The "jin" we're talking about (BTW, it's often spelled "jing" when used as a modifier, e.g. "jieh-jing") means essentially a 'trained force skill', something like a 'force vector'. It's the same force that is at the heart of the "ki tests", "kokyu throws", and so on. You train the release of those forces in conjunction with training the body via breathing-techniques/conditioning (aka "qigongs").... hence saying something like "breath throw" (kokyunage) is pretty accurate. You can see how silly this has become with some of the posted understandings about how kokyu gets mangled in definitions of 'breathing'.

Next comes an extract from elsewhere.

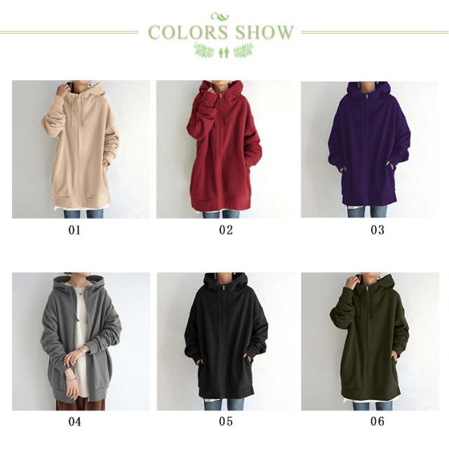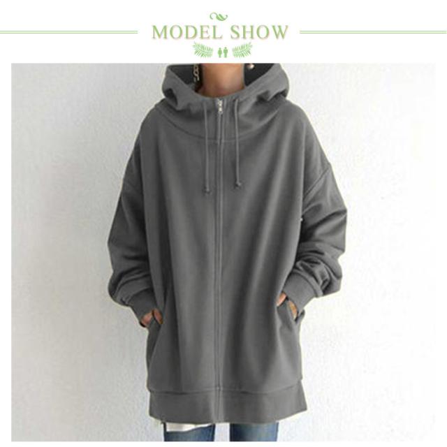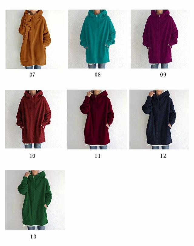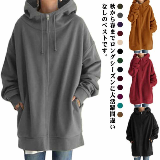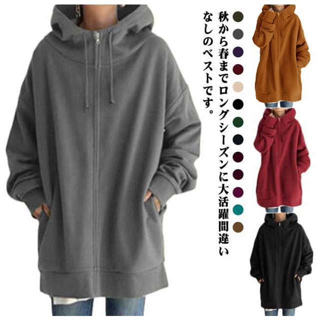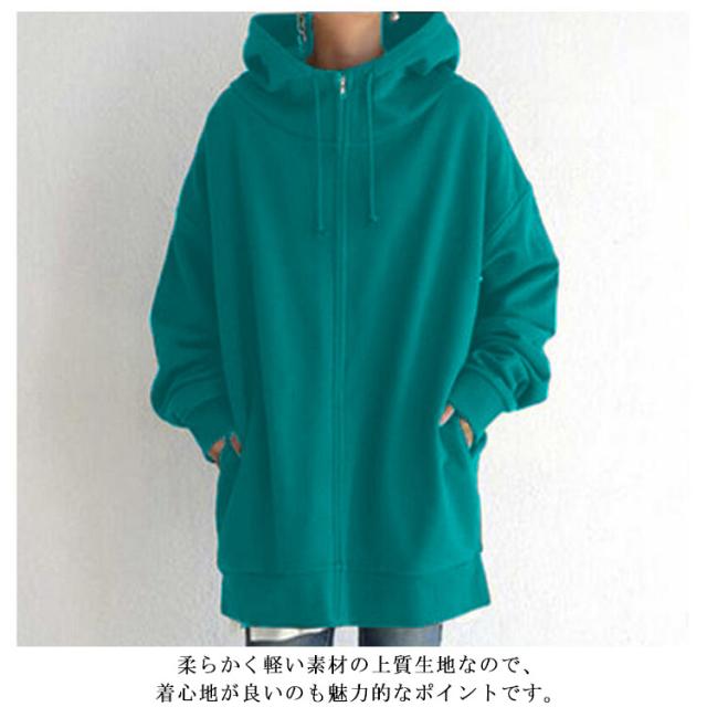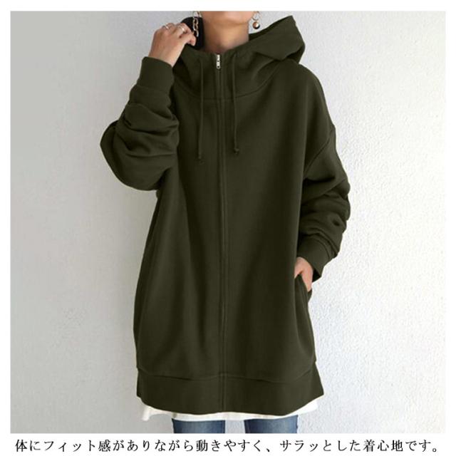 パーカー レディース スウェット フード付き ハイネック ロングパーカー 無地 裏起毛 ロングカーディガントップス 秋 冬 ロング丈 ボリュームネック 体型カバー 送料無料 大きめ 着痩せ 大きいサイズ 防寒 あったか ゆったり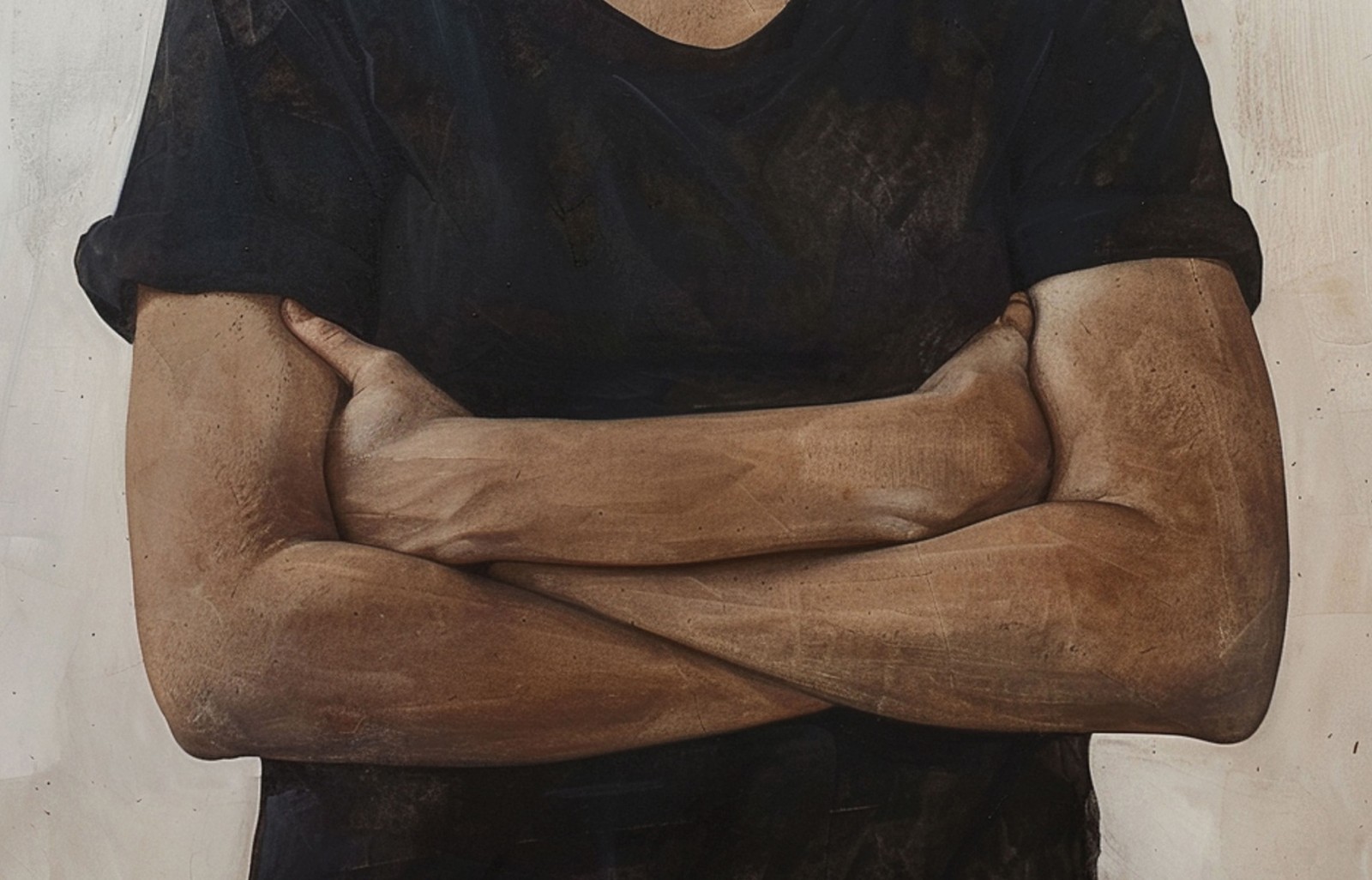 O que foi informado ao sistema de inteligência artificial: imagem exibe uma pessoa com os braços cruzados,não foi solicitado que aparecesse o rosto - foto: imagem criada por IA/Midjourney

A lot of the terminology had practical origins back in the old days. A "kong jing" (empty-force) skill originally was a legitimate study facet in martial-arts. You make a careful feint and your opponents reacts by moving in a certain direction... i.e., you make the technique work by affecting the opponent's ki/qi. E.g., a "ki throw". With only a little misunderstanding, a "ki throw" morphs into the ridiculous very quickly.

Rather than stay in a fixed position when an opponent hits you (if you absorb his potentially damaging blow, you "absorb his ki", in a negative sense), you should simply hop or move with the blow. This is a very logical tactic, but it has morphed in some systems (particularly in southern China) to where at the slightest cue the student bounces obligingly away. Anyone who doesn't bounce to some teachers' slight cues "hasn't developed the proper sensitivity".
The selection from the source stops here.